The Spindle is indigenous throughout the British Islands, but cannot be said to be generally common; it is rarer in Scotland and Ireland than in England.
The Spindle is right on the borderland between trees and shrubs, for though it will grow into a tree twenty feet high, yet our hedgerow specimens are usually bush like and only ten or twelve feet high.
Until the autumn the Spindle might be confused with the Buckthorn and Dogwood, but its four-angled twigs should enable it to be easily recognized. In October its quaint fruits change to a pale crimson hue, which renders them a conspicuous feature of a hedgerow.

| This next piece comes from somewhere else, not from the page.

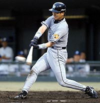 まずは金本。初回に左前打を打つ。エンジンがいきなりトップギアに入る。三回の2打席目には、二塁への内野安打で出塁すると、片岡の適時打でホームにかえった。さらに四回には、紀藤から代わった山北から中前打を打ち、桧山の中押しの犠飛を呼び込んだ。

The trunk of the Spindle is clothed in smooth grey bark. The twigs, which are in pairs, starting from opposite sides of a branch, are four-angled.
The shining leaves vary from egg-shaped to lance-shaped, with finely-toothed edges. They are arranged in pairs, and in autumn they change to yellow and red.
The small greenish-white flowers are borne in loose clusters, of the type known as cymes, from the axils of the leaves, and appear in May and June. Some contain both stamens and pistil, but others are either stamenate or pistillate. The calyx is cut into four or six parts, the petals and stamens agree with these parts in number, but the lobes of the stigma only range from three to five, corresponding with the cells of the ovary.
The fruit is deeply lobed, and marked with grooved, indicating the lines of future division, when the lobes open and disclose the seeds, covered at first with their orange jackets, after the manner of the mace that encloses the nutmeg.
The hardness and toughness of Spindle-wood have long been esteemed in the fashioning of small articles where these qualities are essential, and its common name is a survival of the days when spinning was the occupation of most women. Then spindles were in demand for winding the spun thread upon, and no wood was more suitable for the purpose. Known also as Skewerwood, Prickwood, and Pegwood, all suggestive of uses to which it is or was applied. The young shoots make a very fine charcoal for artists’ use.
Among the exotic species cultivated in our parks and gardens are the handsome variegated forms of the Evergreen Spindle (Euonymus japonicus) from China and Japan, and the Broad-leaved Spindle (E. latifolius) from Europe.